Я написал свой собственный алгоритм кластеризации Shared Nearest Neighbor (SNN), согласно оригинальной работе .По сути, я получаю ближайших соседей для каждой точки данных, предварительно вычисляю матрицу расстояний с помощью расстояния Жакара и передаю матрицу расстояний в DBSCAN.

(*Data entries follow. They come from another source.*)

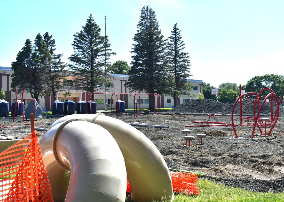 ABOVE: The Fairmont Area School District is working on several projects, including installing a new playground at the elementary school. Some of the old equipment can be seen in the foreground while some new pieces have already been installed.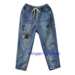 ジーンズ 刺繍 猫 魚 花 フラワー クロップド デニムパンツ イージーパンツ 七分丈 ウォッシュ ダメージ レディース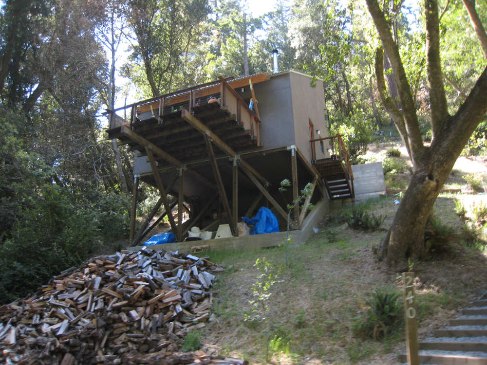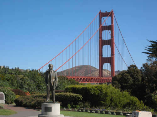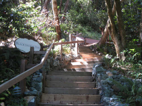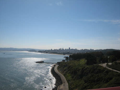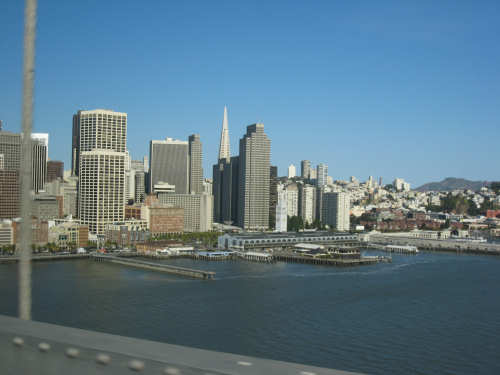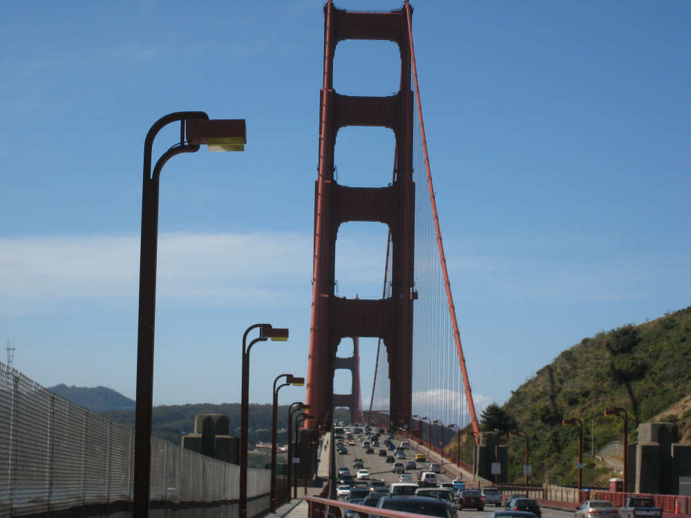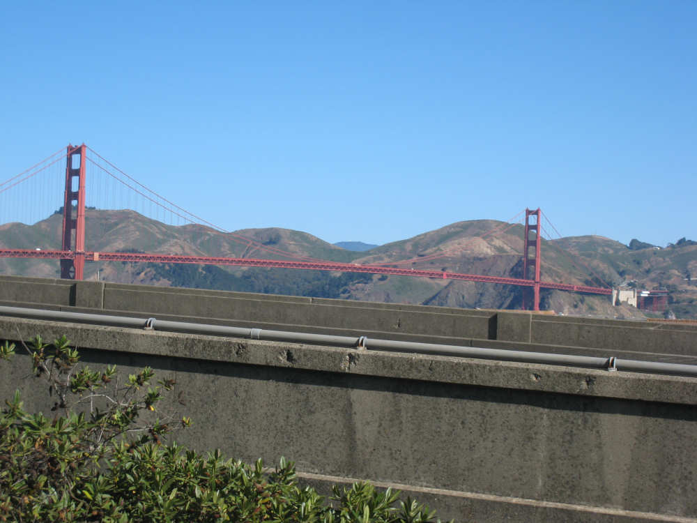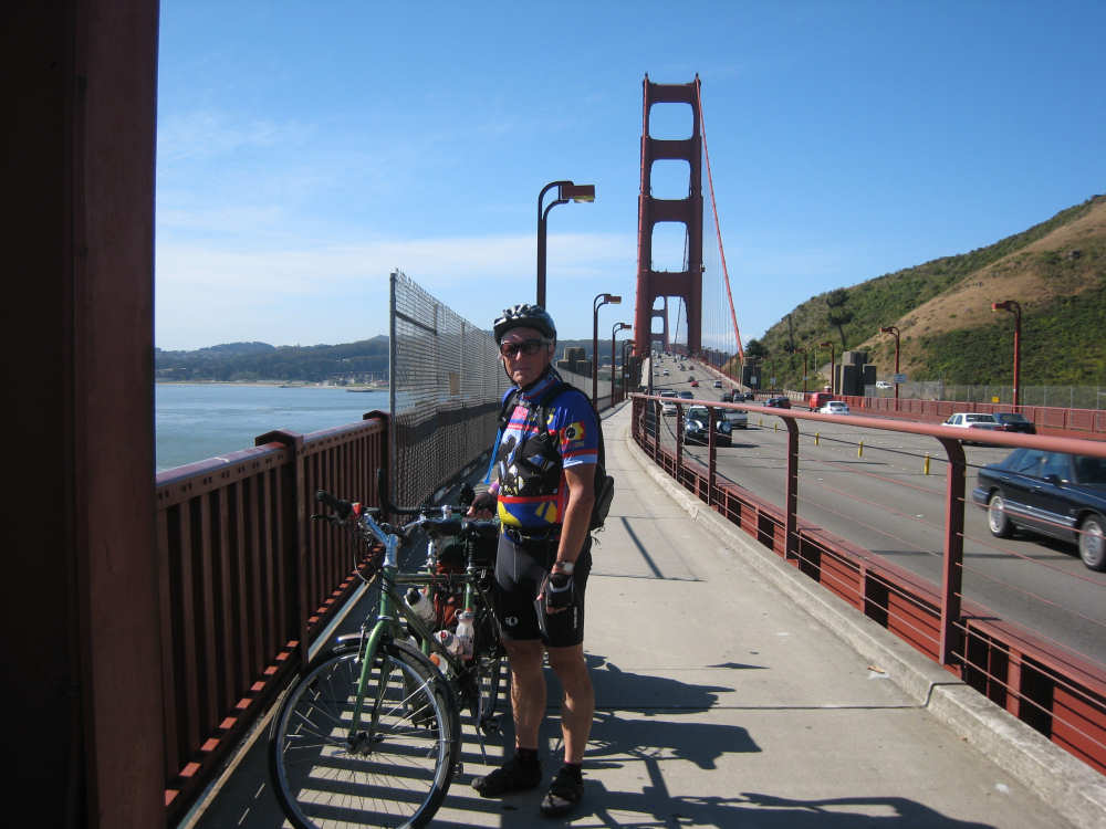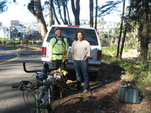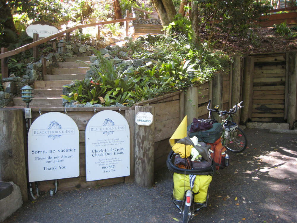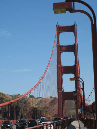 Wednesday, June 04, 2008 Sorry for blowing off yesterday. We spent most of the day working on our route for the next week and napping (Shane kept us up late every night!). The only interesting thing we did all day was go out to dinner and ice cream with Shane, Sky and Becca and I managed to forget to bring the camera. So we didn't have any pictures, but we were going to put up a page anyway and then go to bed early for a change, except that we got immersed in watching the presidential candidates' speeches and ended up staying up late after all. So we decided to bag it and get some sleep. Today we got up bright and early and packed up all our stuff. We had a major problem of how to get from Befkeley to the Golden Gate Bridge in San Francisco without biking over the Bay Bridges (very bad to do on a bike). Shane resolved the problem by borrowing a van and hauling us and the bike over to the Presidio area near the Golden Gate in it. Then we rode through the Presidio to the Golden Gate Bridge. There was a statue of the man who was the chief engineer on the bridge building project at the foot of the bridge, as well as a sample bit of the cable that holds it up. Very impressive looking. With all the extra fussing of loading the bike in the van, getting driven over and unloading, then riding to the bridge and taking pictures there, we didn't start heading over the bridge until about 9:30. There was a lot of car traffic on the bridge, but not too much bike and foot traffic on the walkway so we had a pretty easy ride. I was a little nervious starting out because the bridge was so high up over the water, but it didn't seem too bad after all. There are two walkways, one on each side of the bridge, but one on the ocean side was closed because of painting, and we actually saw two guys up in a little bucket working on the wires. That's definitely not a job I'd like! Once we were off the bridge in Marin, we got some help from another bicyclist as to how to proceed (it was a little confusing there and we wanted to make sure we didn't get on the freeway), and headed off toward Sausalito. Sausalito is another cute shore town with very chi-chi stores and nice parks and marinas. We took pictures of the San Francisco skyline, which we could still see although it was a little fuzzy and the islands in the bay. We started climbing and saw some neat valleys full of houses. We went by Mill Valley, but I don't think we saw it. We did go through a number of nice small towns - Corte Madera, Larkspur, Kentfield, Ross, San Anselmo, and Fairfax - one blending into the other. Then we got into the woodsier areas and started seeing lots of trees, some redwoods, but many others, too - eucalyptus and oak predominantly. We also got into a steep climb as well. Couldn't tell if we had gotten "soft" from our week off, but it seemed to go on forever. We got to the town of Lagunitas on the downhill slope and stopped for a pick-me-up. We liked the milkshakes we had so much that we decided we ought to get something for dinner there as well. Good thing we did, because there was nothing else from there to the end of our day, except for a little deli. After Lagunitas, we got onto a bike trail through the Samuel P. Taylor State Park, which was gorgeous - crammed full of trees, mostly redwoods, and with the Lagunitas Creek running through it. The trail surface was better than the road we'd been on before that, too! After the bike trail, we went over Olema Creek and through the tiny town of Olema, then up a small road called Bear Valley which followed the creek and came up to the point of Tomales Bay, in the heart of the Point Reyes National Seashore. This area is a pristine, protected area with lots of marine life and birds and trees. We weren't near enough to the shore to see the ocean, but the part we were in was heavily wooded and quite beautiful. We turned onto Vallejo Road where the inn at which we would be staying was located. The inn looked almost like a huge tree house, nestled in the woods as it was. We dismantled the stuff on the bike and took it all up to our room and left the bike parked outside the main level of the inn. The place was practically deserted tonight, only one other couple was there and they kept out of sight. So we had the living room and kitchen area of the inn to ourselves as we had our dinner and worked on our website. We can't wait to get into that cushy bed up in our room, though! We ended the day at 3:45, with 40 miles in about 4-1/2 hours of bike time. Tomorrow should be a little easier although about 5 miles longer, and we'll be starting out late because we'll be having breakfast here, which doesn't start until 9:30. But we wouldn't want to miss it! |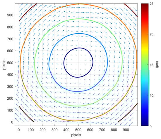 Because the displacement, shown in Figure 8, is produced by an in-plane rotation, the contours of the absolute in-plane displacement are essentially a set of concentric circles around the rotation center. The synthetic in-plane displacement vectors are illustrated in Figure 9, with the contours of the absolute in-plane displacement. The vectors are tangent to the corresponding displacement contours, satisfying the law of displacement introduced by rigid body rotation. The direction of rotation can be easily distinguished from the directions of the in-plane displacement vectors.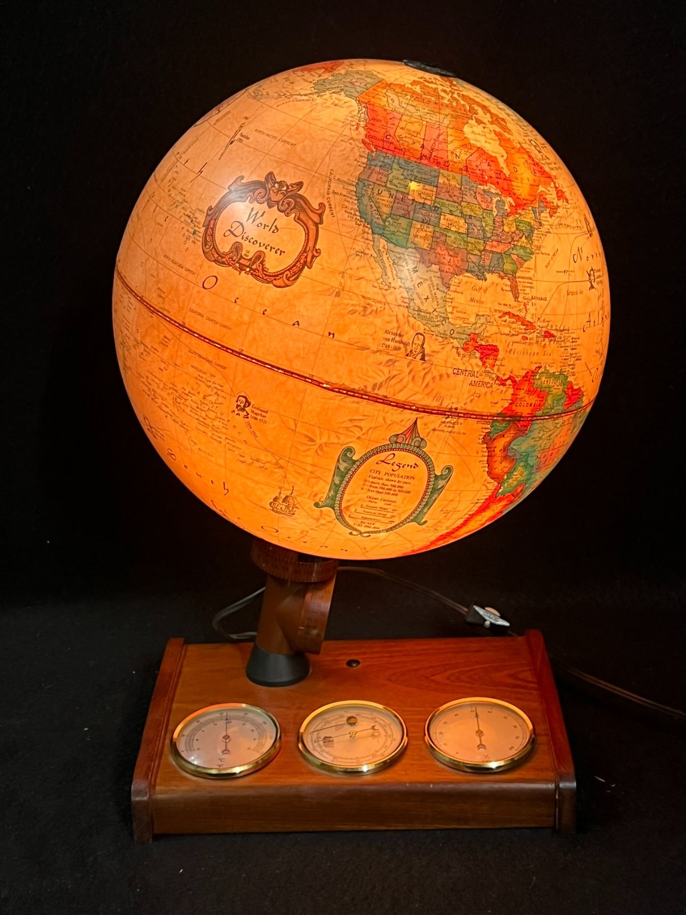 Please view all photos. Light Up Scan - Globe Demark Lamp With Barometer base (Approx: 17.5" tall)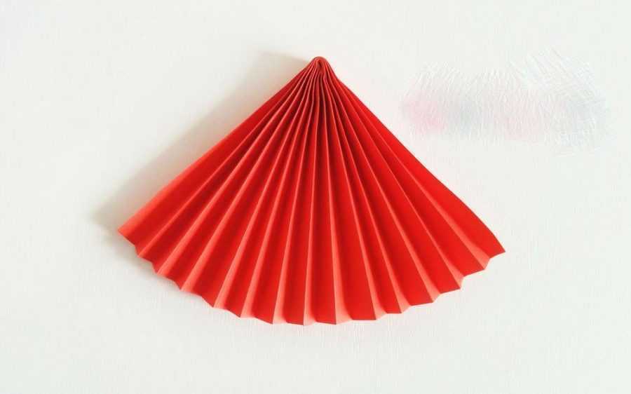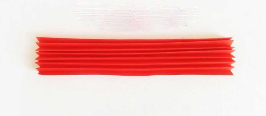 Чтобы сделать эту поделку из бумаги гармошкой, не понадобится даже шаблон. Как и в предыдущих работах нужно вырезать прямоугольник из красной бумаги.

Чтобы ускорить алгоритм, я вычисляю расстояние Жакара между двумя точками данных, если они являются ближайшими соседями друг друга и имеют более определенного количества общих соседей.Я также использую симметрию матрицы расстояний, так как я вычисляю только половину матрицы.
Однако мой алгоритм медленный и занимает гораздо больше времени, чем обычные алгоритмы кластеризации, такие как K-Means или DBSCAN.Может кто-нибудь посмотреть на мои коды и предложить, как я могу улучшить свои коды и сделать алгоритм быстрее?
def jaccard(a,b):
"""
Computes the Jaccard distance between two arrays.
Parameters
----------
a: an array.
b: an array.
"""
A = np.array(a, dtype='int')
B = np.array(b, dtype='int')
A = A[np.where(A > -1)[0]]
B = B[np.where(B > -1)[0]]
union = np.union1d(A,B)
intersection = np.intersect1d(A,B)
return 1.0 - len(intersection)*1.0 / len(union)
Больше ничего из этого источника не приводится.